March 2024 News

News containing information on changes to the Medicare Benefits Schedule (MBS) for 1 March 2024

Page last updated: 02 February 2024

The 1 March 2024 MBS files are available on the March 2024 Downloads Page

Summary of Change for 1 March 2024

From 1 March 2024, there will be several changes to the MBS. These changes include a range of administrative and policy changes, as well as the implementation of the Government's response to recommendations from the independent MBS Review Taskforce (the Taskforce) that was agreed to as part of the 2023-34 Budget.

Details of the changes are as follows:

Psychiatry Services

From 1 March 2024, there will be a variety of changes to psychiatry services, which will implement the Government’s response to recommendations from the Taskforce relating to MBS psychiatry services. The changes will insert, amend and delete items to provide more flexible arrangements, strengthen the intent of the services and clarify and remove obsolete terms from items.

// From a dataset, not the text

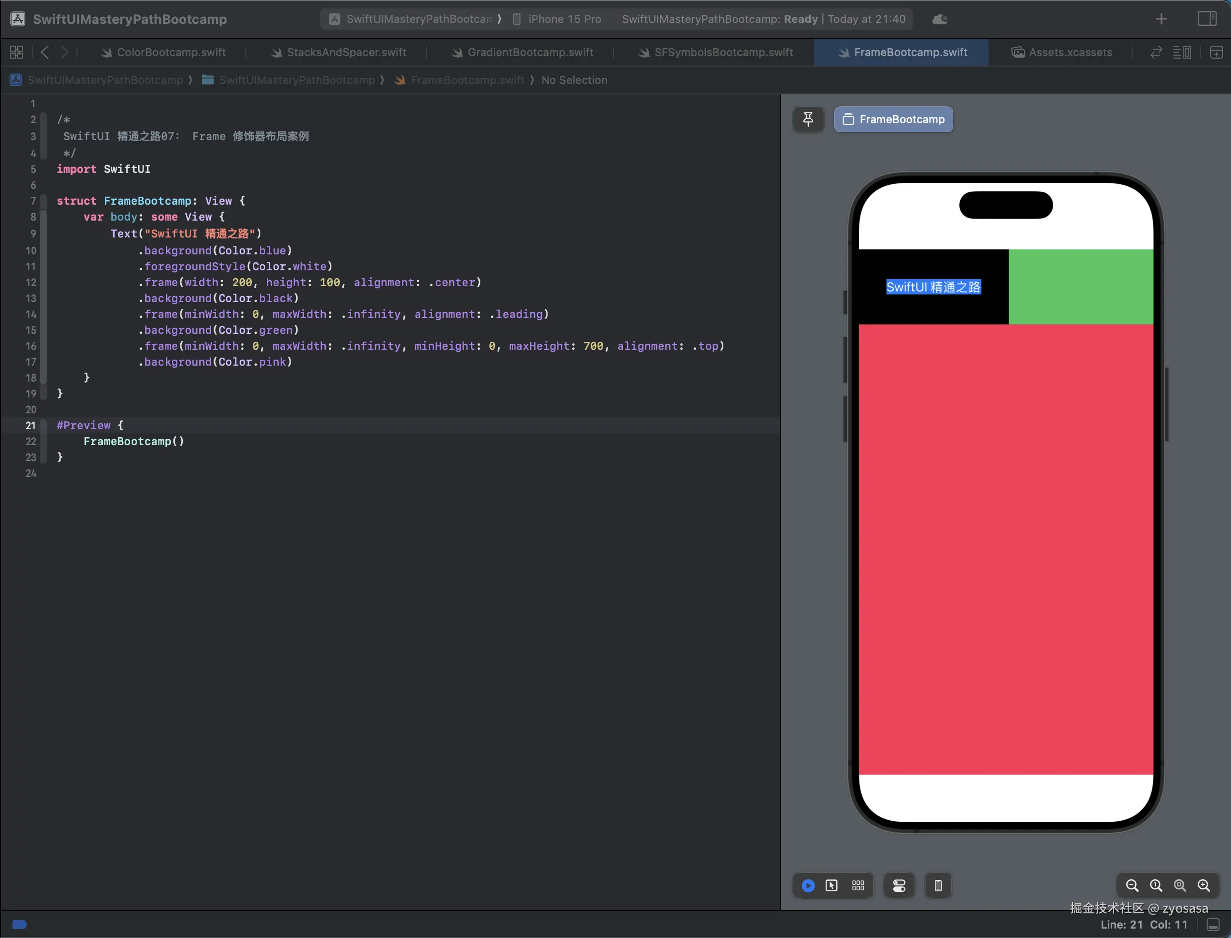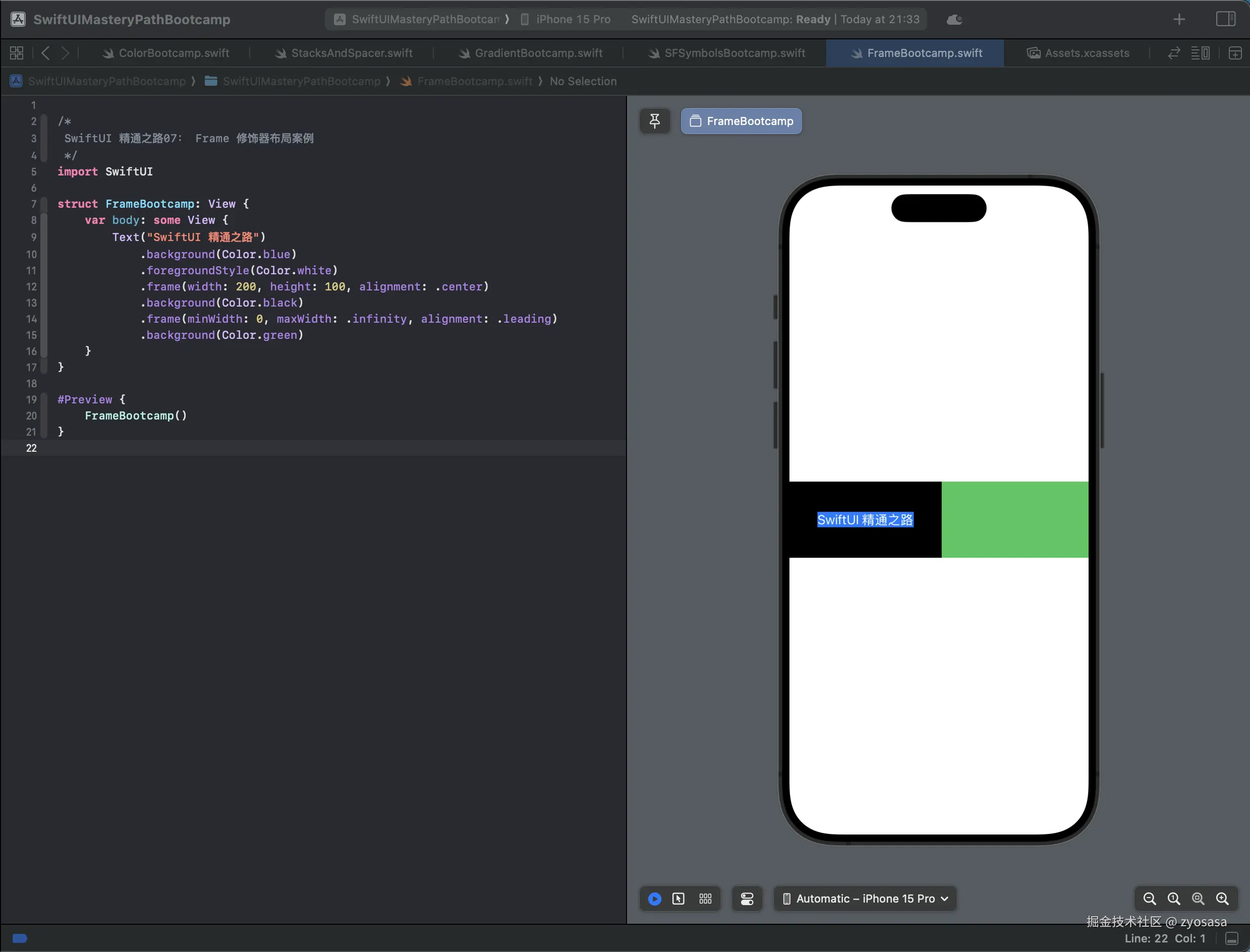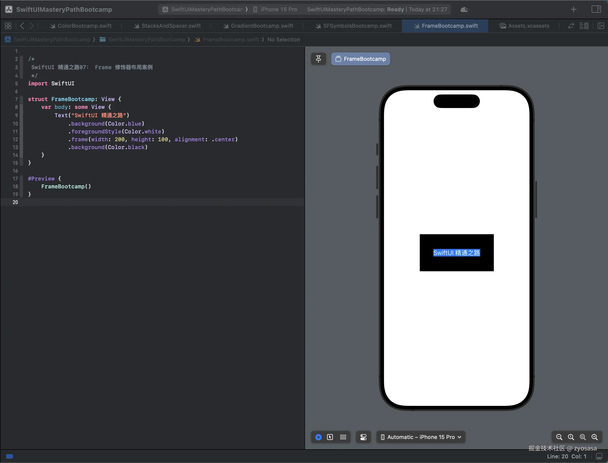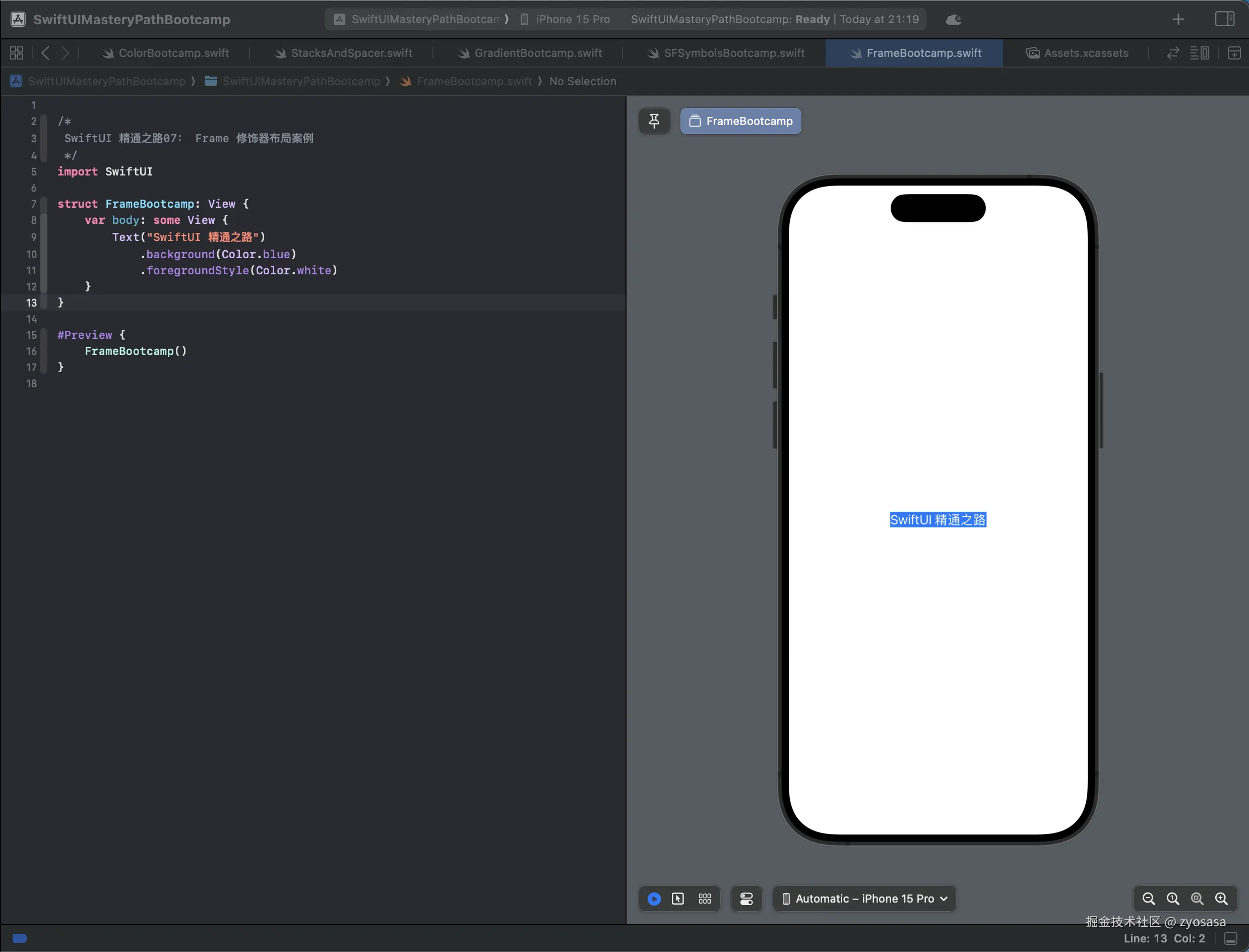 快捷键 Command + N,我们新建文件名为 FrameBootcamp.swift,本章我们主要通过结合简单的案例讲解下frame修饰器。

These changes include the introduction of nine items for time-tiered psychiatric services provided to the patient via telehealth and phone attendances in addition to the introduction of 13 items for time-tiered psychiatric interview services provided to a person other than the patient (five face to face, five telehealth and three phone services). Existing psychiatry items 348, 350 and 352 will be repealed and replaced by the new interview items.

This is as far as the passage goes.